• **Data**:

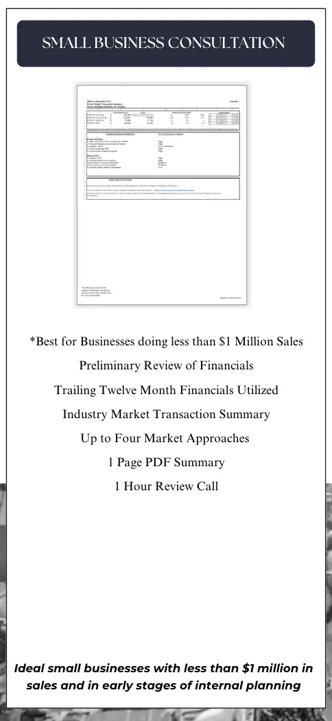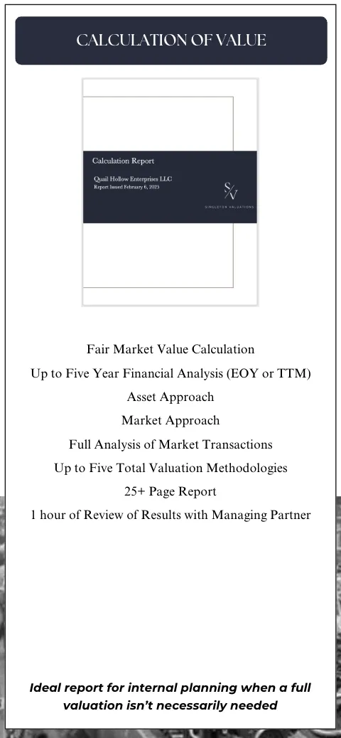 Our Business Calculation - Lite reports are tailored as cost-effective solutions to help with internal planning. The end product is a 25+ page non-certified report with up to five methodologies that incorporates real private market transaction data and asset oriented approaches
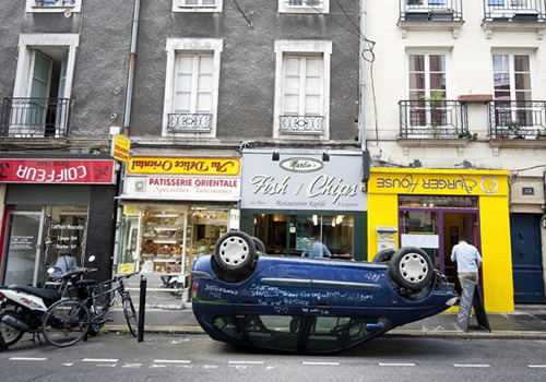Em uma rua de Nantes, na França, um carro estacionado de ponta cabeça chamou a atenção de pessoas que passavam pelo local, próximo a um centro comercial da cidade.
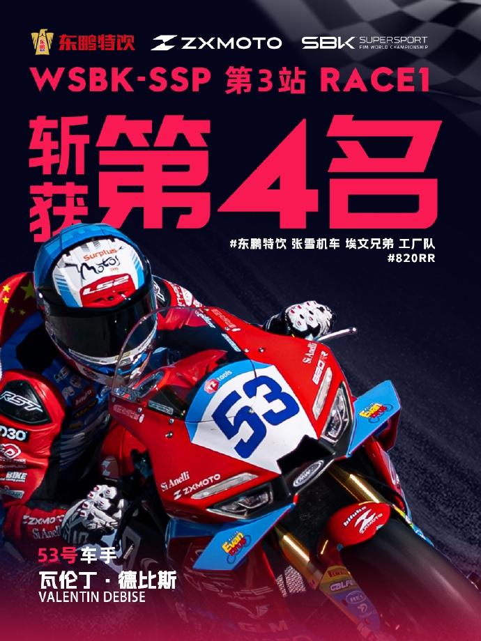 在2026世界超级摩托车锦标赛(WSBK)荷兰站正赛中,张雪机车队53号车手瓦伦丁·德比斯因最后一弯道违规,被官方处罚,从原本的第三名降至第四名,无缘领奖台。

• **Problem to solve**: Please set the data above down exactly, with the pictures removed.

• **Response box**:
 Our Business Calculation - Lite reports are tailored as cost-effective solutions to help with internal planning. The end product is a 25+ page non-certified report with up to five methodologies that incorporates real private market transaction data and asset oriented approaches
Em uma rua de Nantes, na França, um carro estacionado de ponta cabeça chamou a atenção de pessoas que passavam pelo local, próximo a um centro comercial da cidade.
 在2026世界超级摩托车锦标赛(WSBK)荷兰站正赛中,张雪机车队53号车手瓦伦丁·德比斯因最后一弯道违规,被官方处罚,从原本的第三名降至第四名,无缘领奖台。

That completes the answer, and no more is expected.